In my recent site-redesign I stopped doing everything websafe except for the key design- and navigation elements. From my point of view, the web-safe-colors are not necessary anymore.

Other opinions?

moltar

4:05 pm on Mar 26, 2004 (gmt 0)

WebmasterWorld Senior Member 10+ Year Member



I don't think websafe colors ever mattered that much. Nothing bad will happen if use a color that is not "websafe." Old browsers will just substitute that color for a similar one.

TGecho

4:05 pm on Mar 26, 2004 (gmt 0)

10+ Year Member



I don't go out of my way to use websafe. As long as people with less than thousands of colors can use my sites without trouble, I'm happy. However I still tend to use nice "round" colors (i.e. colors that can be written with three numbers: #333 = #333333, #123 = #112233)

pmkpmk

4:07 pm on Mar 26, 2004 (gmt 0)

WebmasterWorld Senior Member 10+ Year Member



In my current redesign I used the complementary color of my companies well-established logo color.

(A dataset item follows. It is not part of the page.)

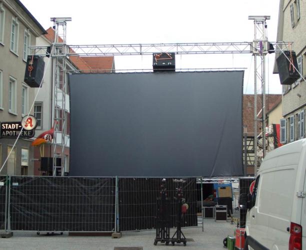 Kannst mit dunkler Leinwand und Rückpro ebenfalls knicken. Hab ich gemacht, war auch nicht zufriedenstellend. Die jetzige Lösung ist ein Bühnendach, seitlich und Hinten mit Mollton schwarz abhängen, Dach muß ebenfalls schwarz sein (Lichtdicht) und Leinwand möglichst weit oben drin hängen. Sind bei mir 8m Höhe des Daches innen und Leinwand ca. 7x4m, Muß mindestens 3m über dem Boden hängen, sondt sind ständig die Köpfe im weg. Also verstellbar bis auf 4m Höhe Unterkante vom Boden weg. Projektor R320 mit 4,2kW und dann Aufprojektion. Problem ist das Tageslicht. Das läßt auch eine fast schwarze Show-Folie grau erscheinen und du hast keinen Kontrast mehr. Aufprogainfaktor der Folie ist 0,14, damit läßt sich kaum etwas anfangen, Durchlicht ist so bei 1,25, damit kann man dann so ab 20m Abstand auf Achse schon ein brauchbares Bild sehen, wenn die Sonne nicht auf die Leinwand von der Seite scheint. Problem ist nur, das man aus der Nähe gar nichts sieht, weil man einfach über die Zuschauer darüber projiziert. Das versteht Mensch nur nicht und ist verärgert. In Talk hab ich vor ca. 3 Wochen dazu einige Bilder eingestellt. kannst ja mal gucken. Die Folie hat 7x4m und ist verfügbar. Ich werde jetzt noch einen Test machen, ob man mit einer Gain 1.4-1.8 Folie aus dem Kino mehr sieht als mit einer mit 1. Das aber eben im dunklem Loch. Jens

Thus paired with a neutral gray works great.

#0099ff
#ff9900
#808080

moltar

4:11 pm on Mar 26, 2004 (gmt 0)

WebmasterWorld Senior Member 10+ Year Member



This are some more extensive stats from TheCounter:


(32bit) - 213399987 - (59%)
65K (16bit) - 113094251 - (31%)
16M (24bit) - 24407931 - (6%)
256 (8bit) - 5547335 - (1%)
Unknown - 509759 - (0%)
16 (4bit) - 61038 - (0%)

Eric_Jarvis

5:24 pm on Mar 26, 2004 (gmt 0)

WebmasterWorld Senior Member 10+ Year Member



what you get from using the "web safe" is no "dithering" (creating a colour by alternating pixels of other colours) on low resolution dsiplsys...so it was never really all that important unless you had a large area of the colour...I still tend to use the "web safe" colours for large areas if I think it's particularly likely to be viewed by a lot of low res systems...but by and large I'm not sure it's worth being hung up on these days

I always use #****xxx to denote the colours...it seems to be the most consistently reliable way to do it

sderenzi

6:39 pm on Mar 26, 2004 (gmt 0)



It seems my attempt to go Websafe failed anyway. I found myself digging through for colors I felt I wanted rather than ones that were only Websafe. Ah well thanks for the input!